As soon thereafter as practical, the Company shall mail or deliver to Optionee
or to the other person or persons exercising this option a certificate or
certificates representing the shares so purchased and paid for.

     5.   Termination of Employment.
          ------------------------- 

          (a)   Should Optionee cease to remain in Service (as defined in the
Plan) to the Company (other than by reason of death, permanent disability or
termination for cause), this option will, solely to the extent that it is
exercisable immediately prior to such cessation of employee status, remain
exercisable during the sixty (60) day period following the date of such
cessation of employee status and at such point this option will terminate

                                      -2-
<PAGE>
 
entirely and cease to be exercisable; provided, however, in no event will this
option be exercisable at any time after the Expiration Date.

          (b)   Should Optionee become permanently disabled and cease by reason
thereof to be in Service (as defined in the Plan) to the Company, this option
will, solely to the extent that it is exercisable immediately prior to such
cessation of Optionee's Service, remain exercisable during the six (6) month
period following the date of such cessation of Service and at such point this
option will terminate entirely and cease to be exercisable; provided, however,
in no event will this option be exercisable at any time after the Expiration
Date.  Optionee will be deemed to be permanently disabled if Optionee is, by
reason of any medically determinable physical or mental impairment expected to
result in death or to be of continuous duration of not less than one year,
unable to engage in any substantial gainful employment.

          (c)   Should Optionee die while still in Service (as defined in the
Plan) to the Company (or during the sixty (60) day period referred to in
subparagraph (a) or during the six (6) month period referred to in subparagraph
(b)), the executors or administrators of Optionee's estate or Optionee's heirs
or legatees (as the case may be) will have the right to exercise this option for
a period of six (6) months, solely to the extent that it is exercisable
immediately prior to the Optionee's death; provided, however, in no event will
this option be exercisable at any time after the Expiration Date.

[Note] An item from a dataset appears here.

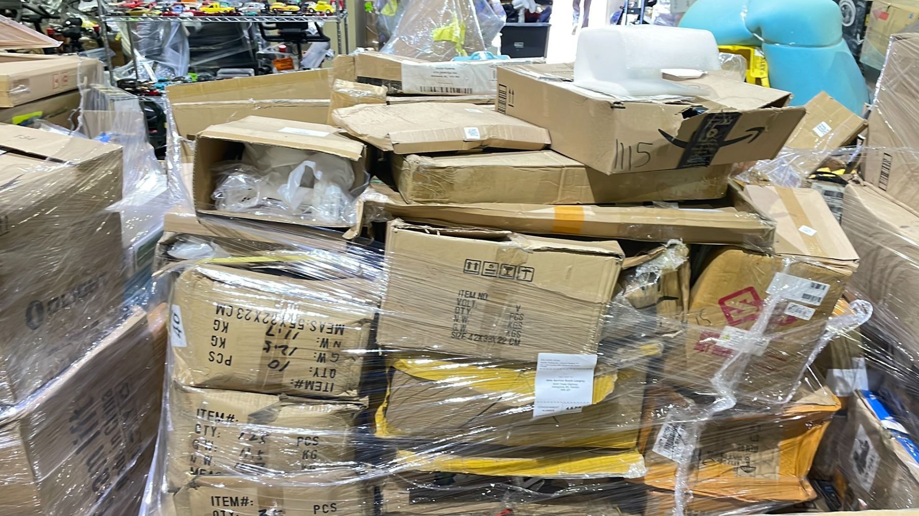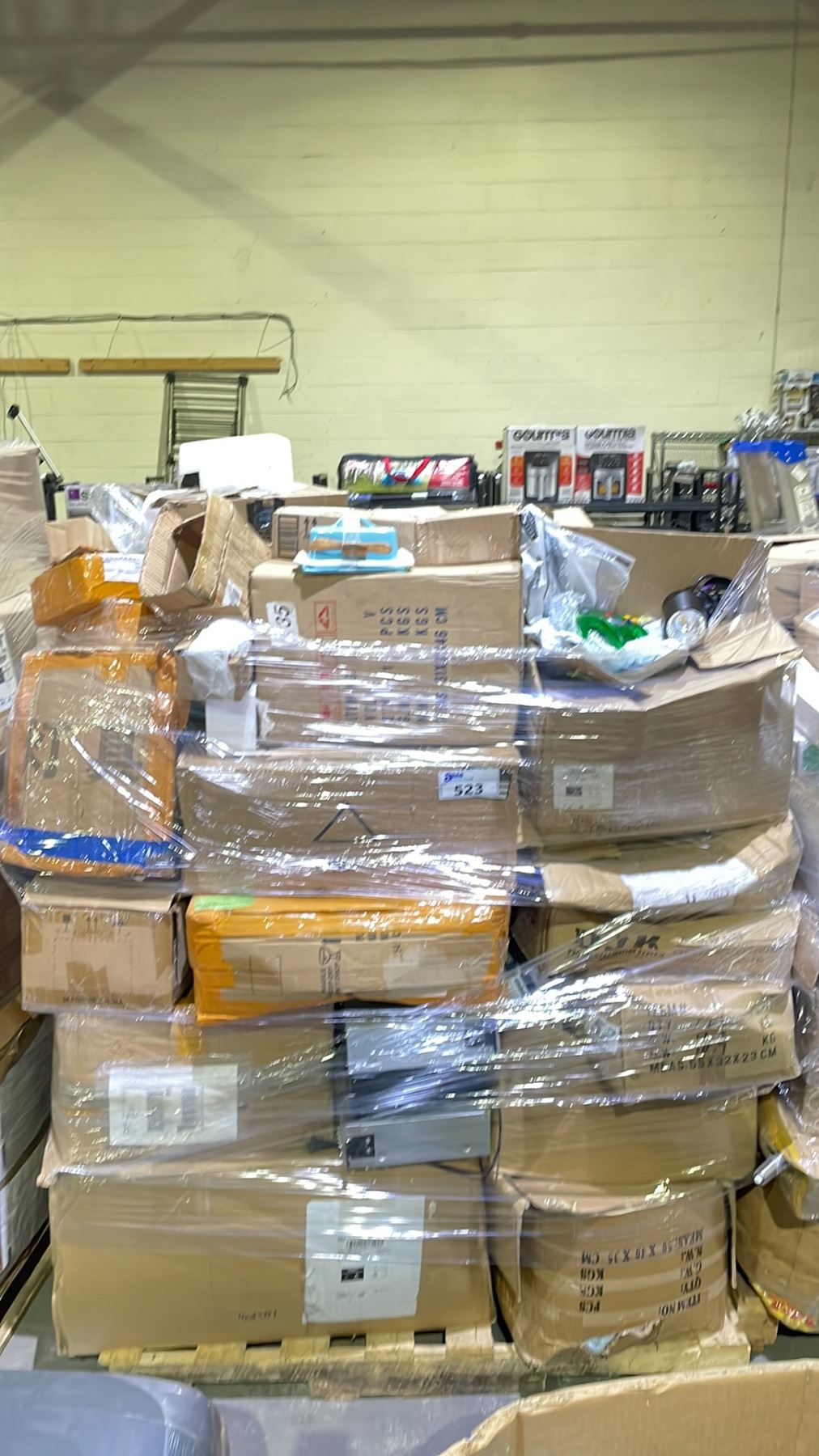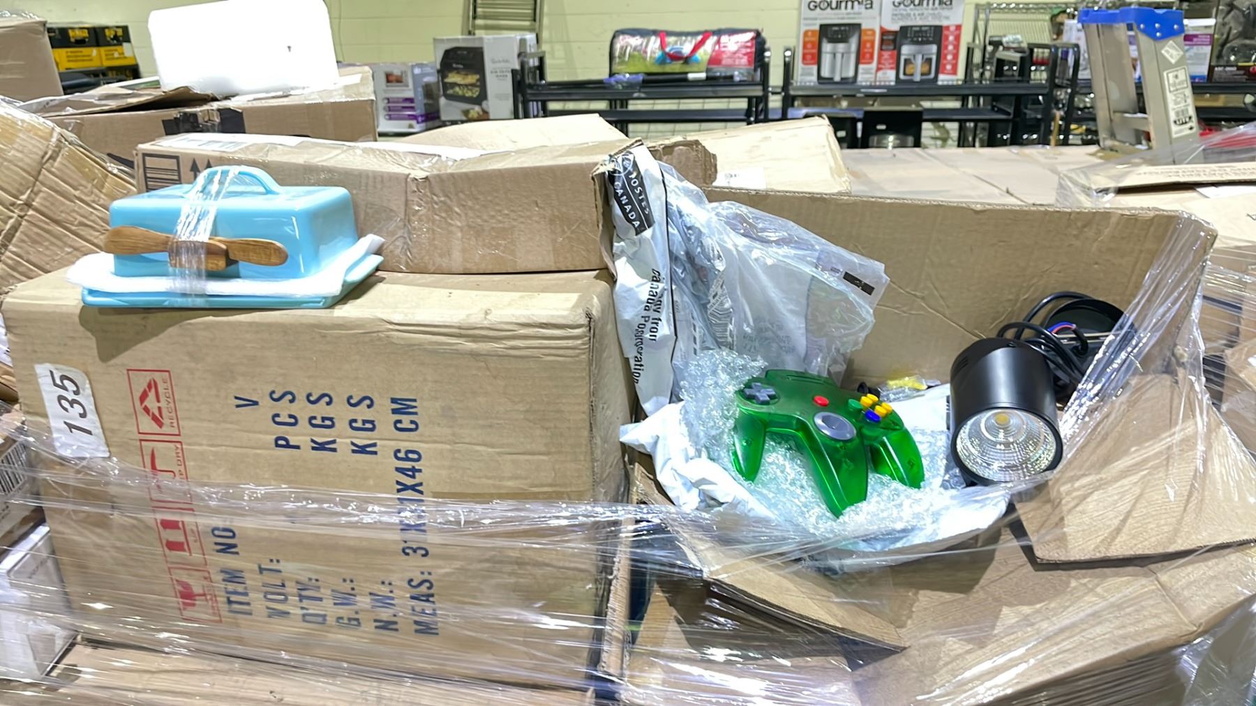 PALLET OF ASSORTED ITEMS INCLUDING; HANGING LIGHTS, N64 CONTROLLERS, BUTTER DISHES & MORE

          (d)   Should Optionee's Service (as defined in the Plan) be terminated
for cause (including, but not limited to, any act of dishonesty, unethical
conduct, willful misconduct, insubordination, fraud or embezzlement, or any
unauthorized disclosure of confidential information or trade secrets), this
option will immediately terminate entirely and cease to be exercisable when
notice of termination of employment is given.

     6.   Adjustment in Optioned Shares.
          ----------------------------- 

          (a)   In the event any change is made to the Common Stock issuable
pursuant to this Agreement by reason of any stock split, stock dividend,
combination of shares, or other change affecting the outstanding Common Stock as
a class without receipt of consideration, then appropriate adjustments will be
made to (i) the total number of Optioned Shares subject to this option and (ii)
the Option Price payable per share in order to reflect such change and thereby
preclude a diminution or enlargement of benefits thereunder.

          (b)   If the Company is the acquired or non-surviving entity in any
merger or other business combination, then this option, if outstanding
immediately after such merger or other business combination, shall be
appropriately adjusted to apply and pertain to the number and class of

                                      -3-
<PAGE>
 
securities which would be issuable to the Optionee in the consummation of such
merger or business combination if the option were exercised immediately prior to
such merger or business combination, and appropriate adjustments shall also be
made to the Option Price payable per share, provided the aggregate Option Price
payable hereunder shall remain the same.

          (c)   This Agreement shall not in any way affect the right of the
Company to adjust, reclassify, reorganize or otherwise make changes in its
capital or business structure or to merge, consolidate, dissolve, liquidate or
sell or transfer all or any part of its business or assets.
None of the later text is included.